El sábado 27 de marzo, miembros de las Comunidades Laicas Marianistas (CEMI y Fraternidades) celebramos un “retiro digital” dirigido por Diego Tolsada, sm. El tema no podía ser más controvertido. Volver a presentarnos ante un Dios que –para nuestro desconcierto- permite el sufrimiento. Muchas de estas ideas están tomadas de Ximo García Roca y Javier Vitoria Cormenzana.

Así nos situamos frente al dolor (el daño que nos puede producir la vida) y el sufrimiento, como eco subjetivo que ese dolor nos causa. Hay quien afirma que las religiones surgieron como respuesta al dolor, afirmando la presencia de un Ser superior, que en el viejo dilema de Epicuro: o no es Dios o es malo. Sin embargo, Jesús subvirtió esta visión y esta forma de vivir el dolor: su poder se manifiesta en una muerte horrenda en cruz y en un gesto de rehabilitación que va más allá de todo lo imaginable y esperable: una resurrección plena y definitiva a la dicha y al bien. El Dios de Jesús no es apático ante el mal, sino vulnerable, y, para escándalo de los paganos, capaz de sufrir. Su opción no fue eliminar el dolor, cosa imposible, sino compartirlo y asumirlo con nosotros, haciéndose uno de tantos. Bonhoeffer dijo: “Solo un Dios que sufre puede ser de ayuda”. Así la omnipotencia se presenta como garante de la libertad humana, y desde una paradójica vulnerabilidad ante la respuesta, que puede ser positiva o negativa evitando la tentación del bien como obligación sin libertad.

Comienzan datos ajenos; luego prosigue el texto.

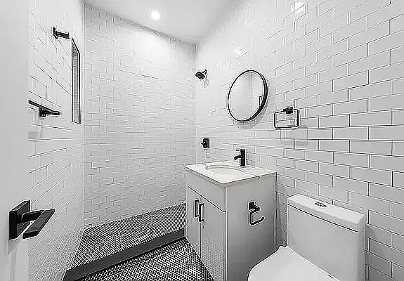 The spacious bedroom easily fits a queen-size bed and additional furniture, and includes a generous double-door closet for ample storage. The bathroom is finished with beige tiling, a contemporary vanity mirror, and under-sink cabinetry for added functionality.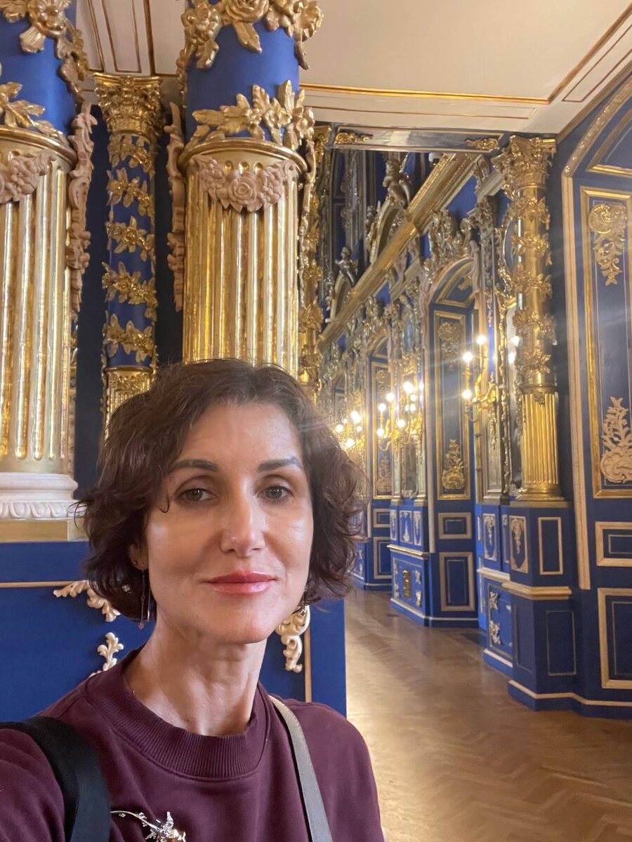 Колонны вот такие, золотые с каннелюрами или синие, увитые золотой розовой лозой. Растение нами не виданное, но в райском саду оно точно есть!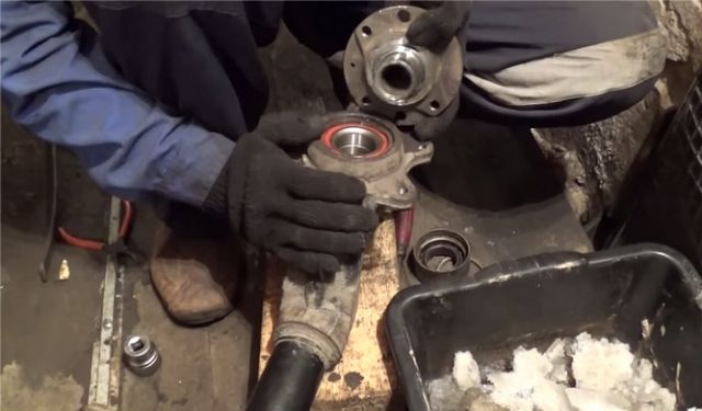- Установите съемник с новым ступичным подшипником на кулак поворотный, для того чтобы осуществить запрессовку можно использовать наружную обойму от снятого старого подшипника.

A lo largo de la historia, el sufrimiento se nos ha presentado como un misterio incomprensible, cuando nos planteamos su porqué (como Job lo hizo) y ante lo que solo cabe guardar silencio; como un enigma resoluble, cuando nos preguntamos su para qué, y como un problema por solucionar y entonces surge el cómo. Hay un sufrimiento inevitable, consustancial a la realidad limitada y finita que somos, a nuestra radical menesterosidad. Pero hay también un sufrimiento inútil que hay que eliminar, causado por estilos de vida patógenos y prácticas sociales que atentan contra la vida, como el egoísmo o el apego al dinero. Y hay, por último, un sufrimiento que hay que querer integrar en la vida, causado por la lucha contra el sufrimiento y que se asume voluntariamente con y desde los sufrientes, con Jesús, el Crucificado. Hoy se habla no de adorar la cruz, sino de adorar al Crucificado y bajar de su cruz a nuestros hermanos (tantos) crucificados. En palabras de Etty Hillesum: “Y si Dios no me sigue ayudando, entonces tendré que ayudar yo a Dios”.

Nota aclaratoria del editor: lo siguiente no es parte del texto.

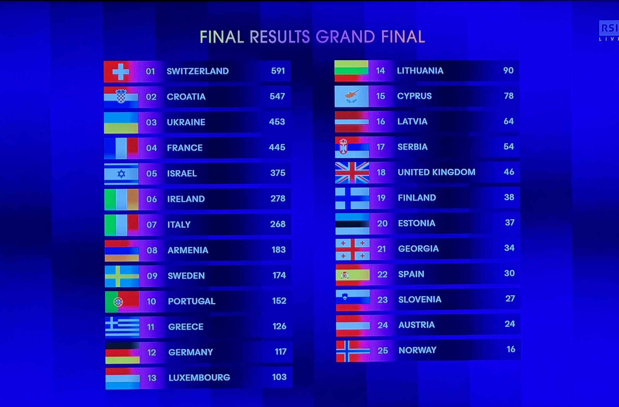 La Croazia è seconda, l'Ucraina terza. Nemo torna da Malmö con altri due premi: l’Artistic Award, assegnato dai commentatori d’Europa, e il Composer Award, assegnato da tutti compositori in gara. Questa la classifica finale: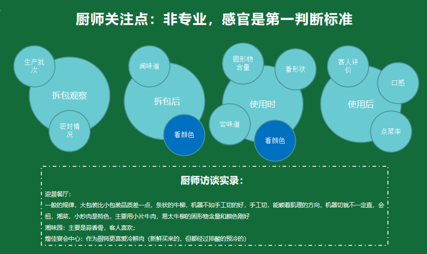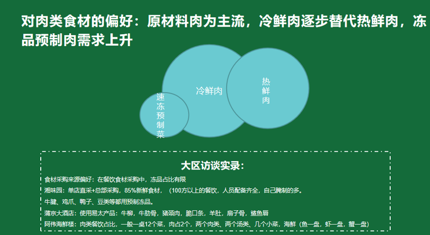 而廚師的關(guān)注點,更多的是通過感官去進行感知。而對于肉類食材的偏好方面:“原料肉為主流,冷鮮肉逐步替代熱鮮肉,凍品預制肉需求上升?!?span>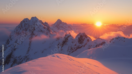 雪景色の険しい山頂と眼下に広がる美しい雲海から登る朝日をリアルに描いたAI生成画像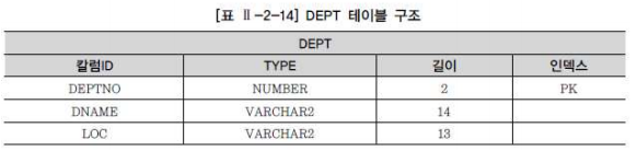 예제) SCOTT 유저가 소유하고 있는 DEPT 테이블에 새로운 부서를 등록하는 Procedure를 작성한다. SCOTT 유저가 기본적으로 소유한 DEPT 테이블의 구조는 다음과 같다.

Es evidente que una cosa que llama la atención de la vida de Jesús es cómo reaccionó ante el sufrimiento de los demás. Fue eso lo que definió su vida y a ello la entregó. Él lo llamó el Reino. Nosotros podemos responder, sin embargo, de muchas maneras: la indiferencia, el no querer enterarse (como los tres monos chinos), el sentirse desbordado y paralizado ante la magnitud del problema, el sentirse caer en el desánimo o el escepticismo después de los fracasos en la lucha, o el vivir para uno mismo (egoísmo centrípeto). Querríamos, sin embargo, ser capaces de dar respuesta desde la justicia, o aún más allá, seguir a Jesús de Nazaret, que da  la respuesta desde la misericordia.

Así, querríamos abandonar esa actitud tan presente en nuestra sociedad de centramiento en uno mismo, de insensibilidad social, y de aporofobia, sugerente neologismo acuñado por Adela Cortina refiriéndose al odio al pobre, y que incluye el desprecio a todos los tipos de pobreza y la exclusión social de todos los pobres. Así pues, el amor cristiano debe, al menos, levarnos como condición sine qua non, al amor a la justicia, que aunque no sea suficiente, al menos marca los límites del campo de juego que todos tenemos que compartir, el de la vida social. Como ha dicho García Roca, “el amor es la puerta de entrada a la justicia”. Pondremos coto proporcionado a la violencia y a la venganza, y señalaremos como horizonte ideal la justicia distributiva, que asegura que cada uno recibirá lo que es suyo o lo que merece. Aun siendo mucho, se nos queda muy corto: ¿qué significa “merecer” y qué pasa con aquellos que por sufrir cualquier forma de exclusión no “merecen” nada?

Como cristianos, estamos invitados a pasar de la justicia distributiva al amor; y del amor a la misericordia, o compasión, entendidas como el reconocimiento del sufrimiento, que mueve a procurar aliviarlo. Un tomar conciencia que se trasforma en acción sanadora. La misericordia no tiene el límite estricto de la justicia, y es la síntesis del cristianismo, el acto último y supremo con el cual Dios viene al encuentro de cada persona llevando bondad, ternura y perdón. Por eso es el nombre mismo de Dios (“el misericordioso”). Es decir, la misericordia primera es la de Dios para con nosotros. Y por eso Jesús puede decirles a los suyos como síntesis de todo el sermón del monte. “Sed vosotros (también) misericordiosos, como (y porque) vuestro Padre es misericordioso”.

Las comunidades CEMI queremos vivir de acuerdo a esa invitación.